In both shows, the producers take great liberties with the facts of incarceration, portraying the concentration camps both inaccurately and in a manner that makes them seem much worse than they really were. In the Hawaii Five-0 episode, the Nisei father of David Toriyama, a history teacher at Punahou School, is arrested while teaching class, an unlikely but theoretically possible scenario. But then, police and armed guards arrest ten-year-old David, his mother, and older brother Kenji, giving them minutes to pack their belongings. They are then taken to Honouliuli, where they are incarcerated in tents. While playing ball with David, his father sees someone in their tent and goes to investigate, we hear a gunshot and David goes to the tent to find his father shot to death and his samurai sword (!) stolen.

 

It seems that the producers chose to conflate the mass incarceration of the West Coast in the continental United States with the limited internment under martial law that took place in Hawai’i.  Just about everything that happened to the Toriyamas could not have happened as described: women and children were not summarily arrested and detained in Hawai’i, families were not held at Honouliuli, Japanese American internees were not held in tents there, and they could not possibly have brought a samurai sword into Honouliuli. The arresting officers/agents are brutal—one strikes and knocks down Kenji—they inform the family that the house and whatever they can’t carry with them will revert to the government. While some arresting officers may well have been unpleasant, the rest simply didn’t happen. Though what actually occurred was bad enough, things are made worse to increase the dramatic impact.

 

From the historian’s perspective, Teen Wolf is far worse. Everything about the “Oak Creek” camp is fantasy. The camp appears to be on the grounds of a large mansion that looks to be borrowed from the set of a horror movie. Inmates appear to live in large mixed-sex quarters in the mansion, with rows of beds lining the walls. The camp infirmary is in a similar large room in the mansion with oil paintings on the walls.
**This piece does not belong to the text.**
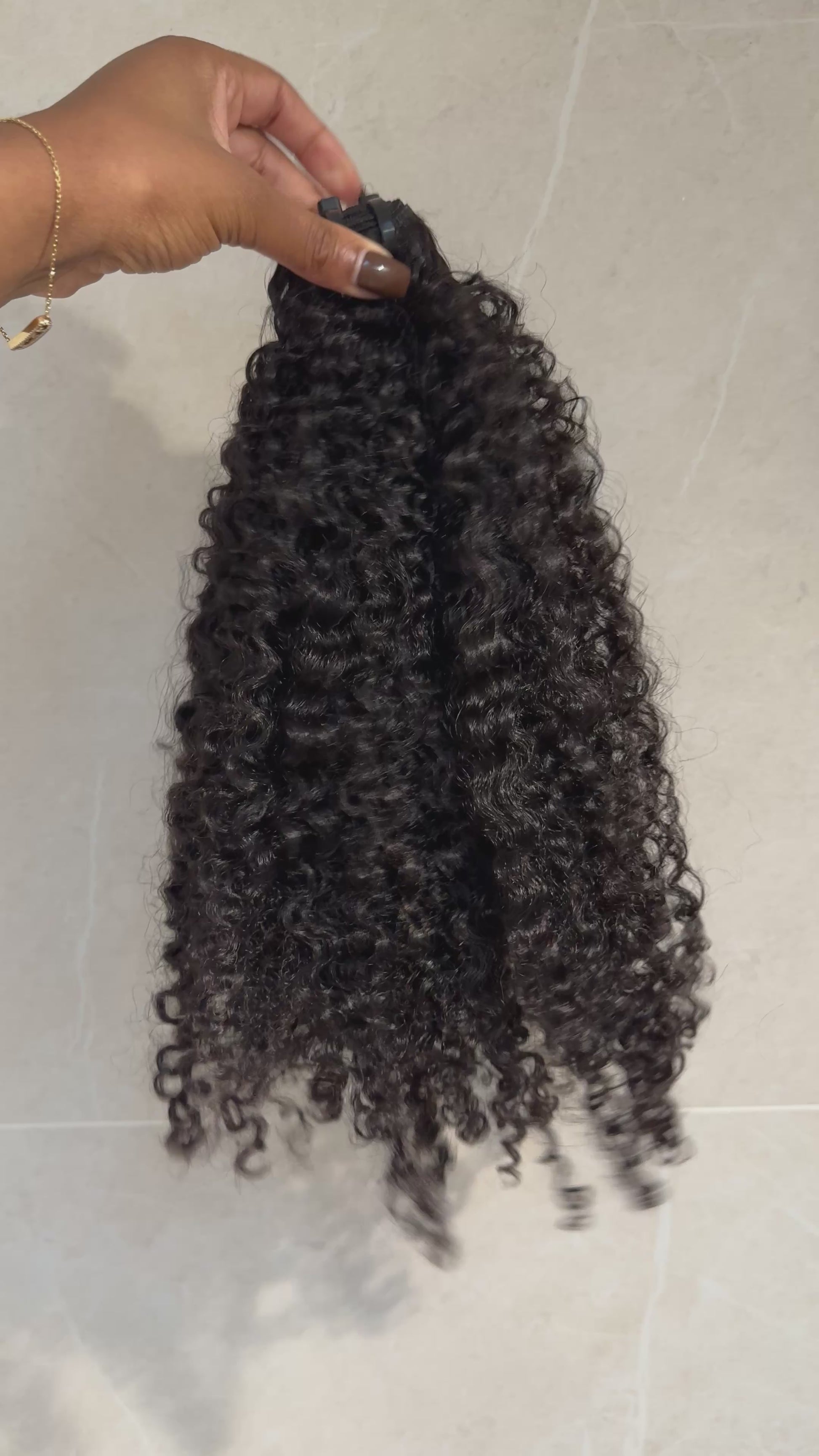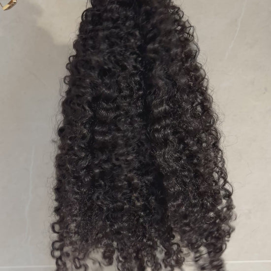 Model is wearing 22 inches ( 3 bundles) of our Raw Burmese Tight Curl hair in a flip-over U-Part wig. A beautiful tight, defined curl pattern looser than kinky-curly but still full, coily and voluminous. This texture blends seamlessly with Type 4 natural hair, especially when styled using curl creams, mousse or leave-in conditioners.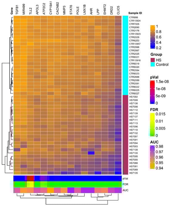 The heatmap generated from our analysis delineates two distinct clusters of genes with differential methylation profiles, one representing individuals with HS and another healthy controls. This visualization is depicted in Figure 1 and underscores the substantial methylation differences between the two groups, reflecting the pathophysiological alterations in HS patients compared to unaffected individuals. The genes selected for this heatmap all showed high discriminative power, with AUC values > 0.9 and FDR p-values ≤ 0.05, confirming their relevance in the methylation patterns associated with HS. The hierarchical clustering used in this analysis further supports the robustness of these methylation markers in distinguishing between affected and non-affected individuals.

When the inmates riot due to suspicions that camp doctors are stealing medical supplies (okay, that part has some basis in reality), a guard is burned to death by a Molotov cocktail thrown by an inmate, leading guards to open fire on the inmates, apparently killing dozens. Later, the dead guard, now possessed by a nogitsune, returns to kill the rest of the inmates. The guard/nogitsune is dispatched by an inmate/kitsune with the samurai sword (!!) she has managed to sneak into the camp. The apparent mass slaughter of Japanese American inmates at Oak Creek and the very existence of the camp is subsequently covered up.

 

Before we go any further, a small rant: stop with the samurai swords already! Portraying Japanese Americans routinely owning such swords perpetuates a stereotype. And portraying Japanese Americans as (a) wanting to bring the swords into camp and (b) actually doing it stretches credulity. There are other ways to move the plot along.

 

I guess on the bright side, there is no seppuku, no kamikaze, and no karaoke.

 

I’m generally pretty tolerant of dramatic license in artistic works if the general intent is in the right place. Even with all the problems noted above, I genuinely enjoyed both shows. The Hawaii Five-0 episode was a very good hour-long police drama, with the requisite amount of suspense and a surprising and touching ending. I’m probably a few decades too old to fully appreciate the Teen Wolf episode, but I do like that a relatively normal Japanese American family is a part of the school community (“normal” of course is relative in this show) and that Tamlyn Tomita gets to chew some scenery as the mother and 900-year-old kitsune. Especially in the case of Teen Wolf, the utter ridiculousness of the camp scenes has be considered in the context of the utter ridiculousness of just about everything else in the show, at least if real life is your baseline.
At the same time, it seems like a missed opportunity here. Would it really have killed the producers to have made a token effort at something resembling the reality of camp (in Teen Wolf) or accurately portraying the circumstances of martial law and selective internment in Hawai’i (in Hawaii Five-0)? What really did happen to Japanese Americans was bad enough. Why the need to make it worse?